Task details:
Repeat the lines below exactly as they appear, but leave out the images.

Information provided:
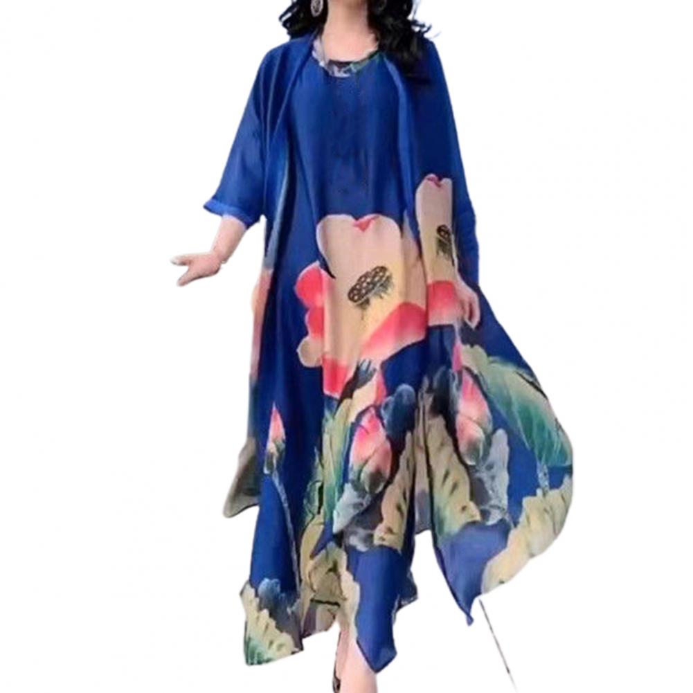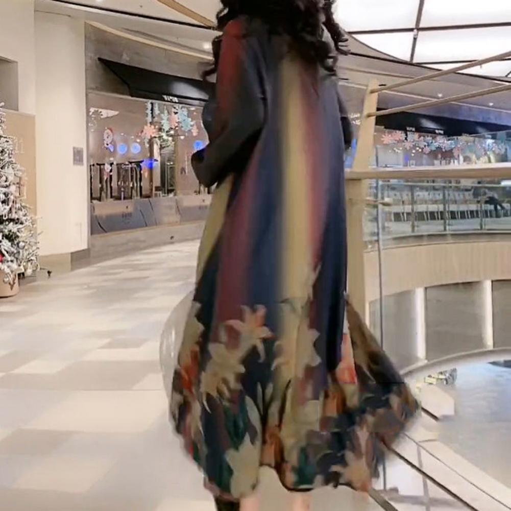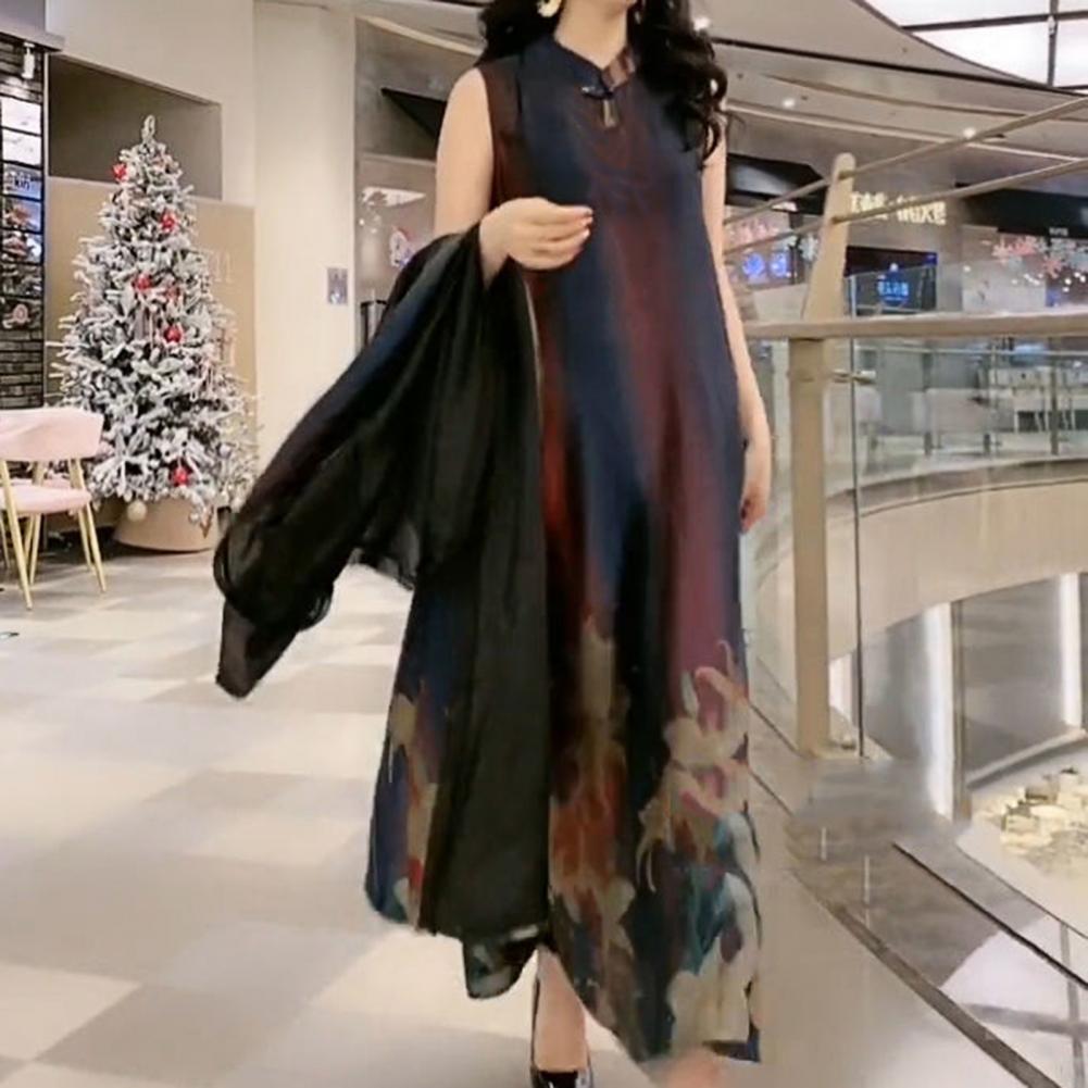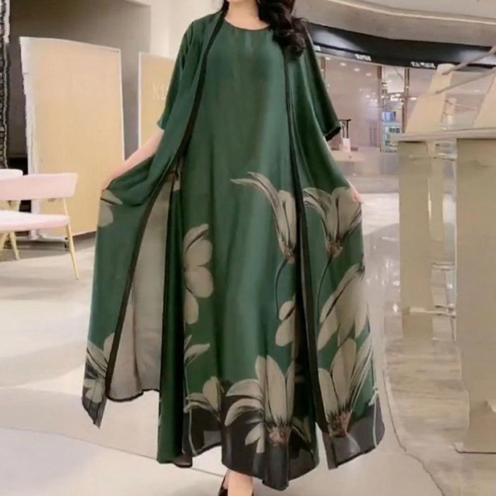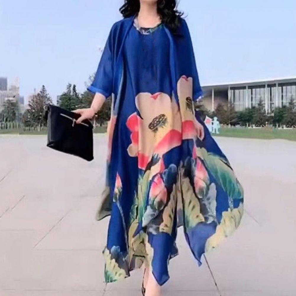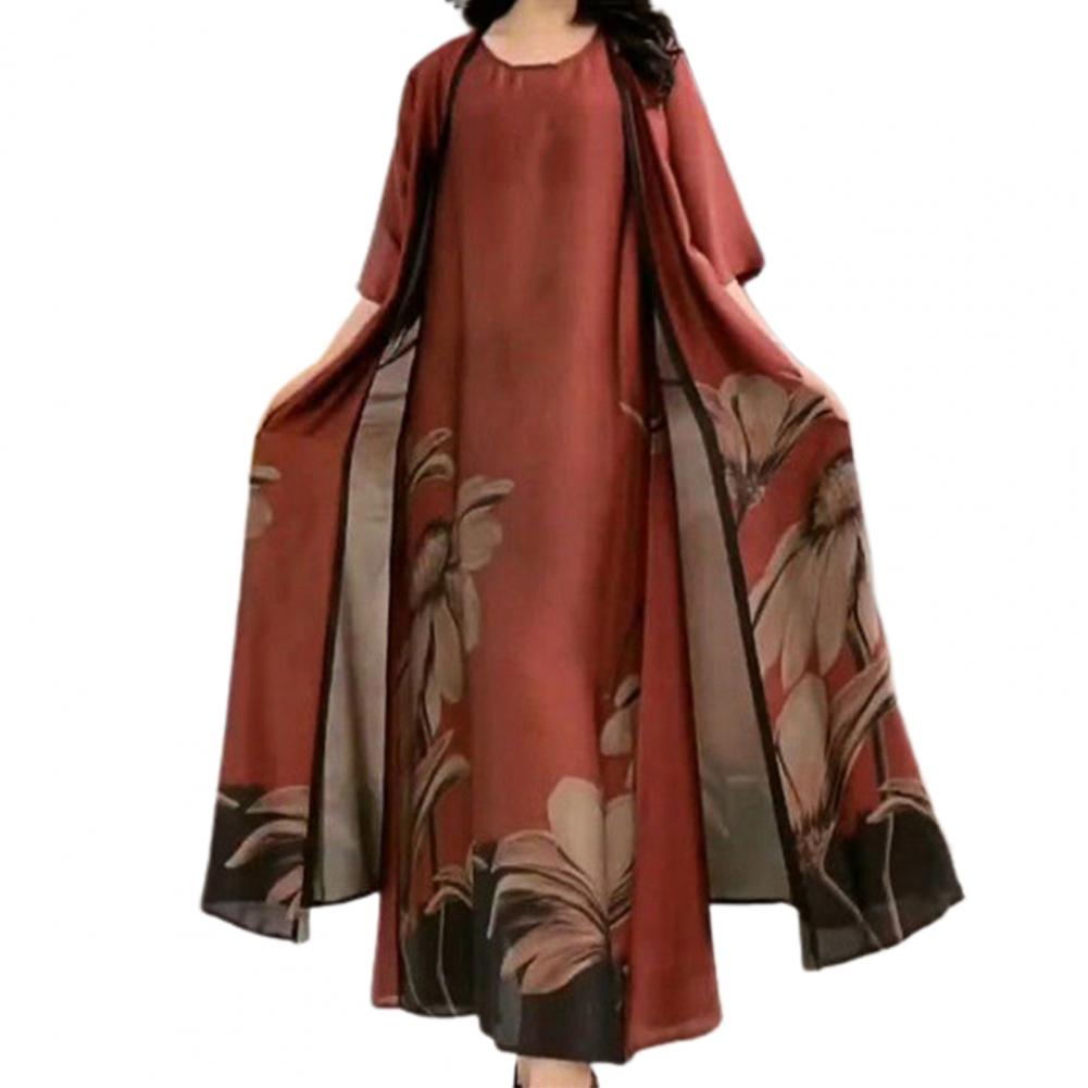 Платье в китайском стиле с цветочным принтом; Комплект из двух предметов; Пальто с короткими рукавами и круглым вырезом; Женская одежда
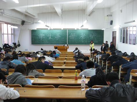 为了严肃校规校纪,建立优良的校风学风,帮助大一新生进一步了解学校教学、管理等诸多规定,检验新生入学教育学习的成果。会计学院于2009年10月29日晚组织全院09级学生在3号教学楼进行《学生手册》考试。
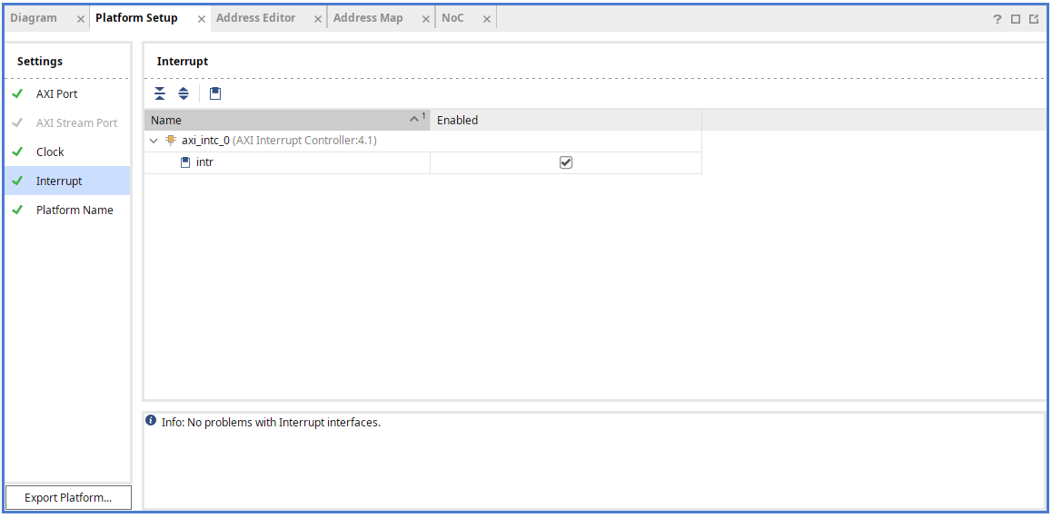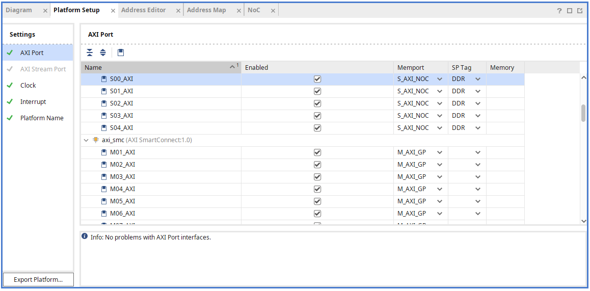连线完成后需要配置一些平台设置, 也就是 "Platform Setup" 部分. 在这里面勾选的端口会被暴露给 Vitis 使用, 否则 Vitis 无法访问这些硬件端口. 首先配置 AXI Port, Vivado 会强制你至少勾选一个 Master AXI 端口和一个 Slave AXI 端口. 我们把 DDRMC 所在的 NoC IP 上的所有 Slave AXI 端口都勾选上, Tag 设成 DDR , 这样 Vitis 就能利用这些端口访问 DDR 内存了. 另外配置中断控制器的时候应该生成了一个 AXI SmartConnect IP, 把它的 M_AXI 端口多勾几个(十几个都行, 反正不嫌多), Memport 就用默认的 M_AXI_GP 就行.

Answer space:
 Платье в китайском стиле с цветочным принтом; Комплект из двух предметов; Пальто с короткими рукавами и круглым вырезом; Женская одежда
 为了严肃校规校纪,建立优良的校风学风,帮助大一新生进一步了解学校教学、管理等诸多规定,检验新生入学教育学习的成果。会计学院于2009年10月29日晚组织全院09级学生在3号教学楼进行《学生手册》考试。
连线完成后需要配置一些平台设置, 也就是 "Platform Setup" 部分. 在这里面勾选的端口会被暴露给 Vitis 使用, 否则 Vitis 无法访问这些硬件端口. 首先配置 AXI Port, Vivado 会强制你至少勾选一个 Master AXI 端口和一个 Slave AXI 端口. 我们把 DDRMC 所在的 NoC IP 上的所有 Slave AXI 端口都勾选上, Tag 设成 DDR , 这样 Vitis 就能利用这些端口访问 DDR 内存了. 另外配置中断控制器的时候应该生成了一个 AXI SmartConnect IP, 把它的 M_AXI 端口多勾几个(十几个都行, 反正不嫌多), Memport 就用默认的 M_AXI_GP 就行.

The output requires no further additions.